If you think about inlining, and its consequences, you'll realise it:

Avoids a function call (with all the register saving/frame adjustment)
Exposes more context to the optimizer (dead stores, dead code, common sub-expression elimintation...)
Duplicates code (bloating the instruction cache and the executable size, among other things)

When deciding whether to inline or not, the compiler thus performs a balancing act between the potential bloat created and the speed gain expected. This balancing act is affected by options: for gcc -O3 means optimize for speed while -Oz means optimize for size, on inlining they have quasi opposite behaviors!

Therefore, what matters is not the "nesting level" it is the number of instruction (possibly weighted as not all are created equal).

This means that a simple forwarding function:

int foo(int a, int b) { return foo(a, b, 3); }

is essentially "transparent" from the inlining point of view.

One the other hand, a function counting a hundred lines of code is unlikely to get inlined.
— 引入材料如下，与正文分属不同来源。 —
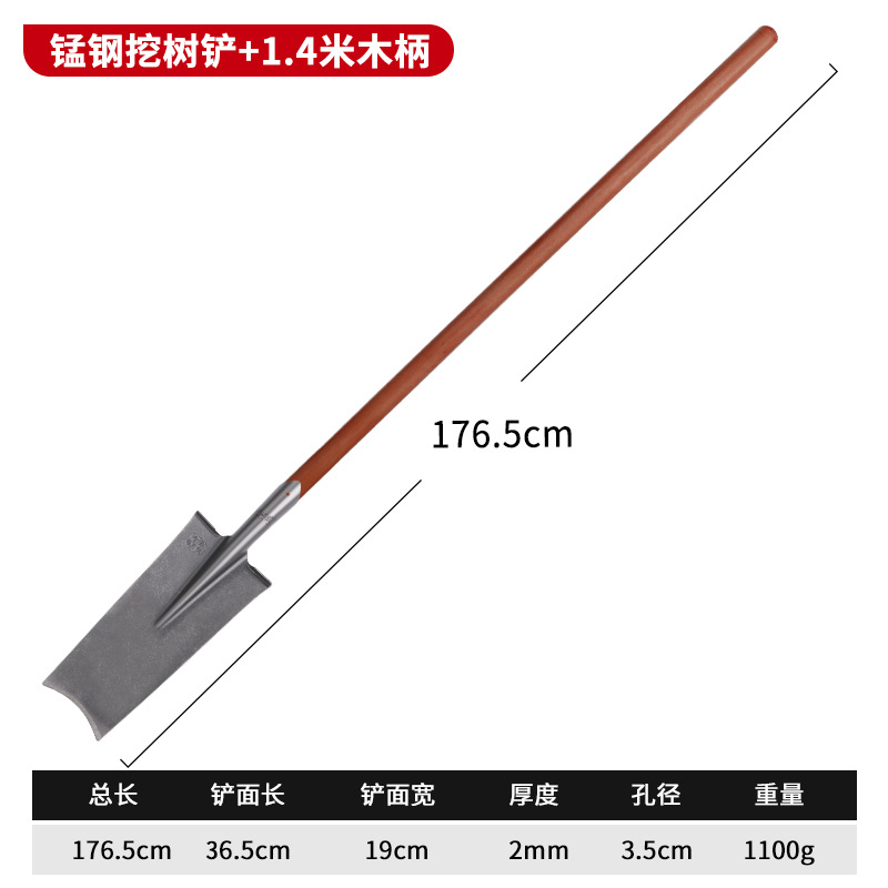 - Specifications: [Tree digging shovel] Manganese steel thickened shovel-1.4m wooden handle

Except that a static free functions called only once are quasi systematically inlined, as it does not create any duplication in this case.

From this two examples we get a hunch of how the heuristics behave:

the less instructions the function have, the better for inling
the less often it is called, the better for inlining

After that, they are parameters you should be able to set to influence one way or another (MSVC as __force_inline which hints strongly at inling, gcc as they -finline-limit flag to "raise" the treshold on the instruction count, etc...)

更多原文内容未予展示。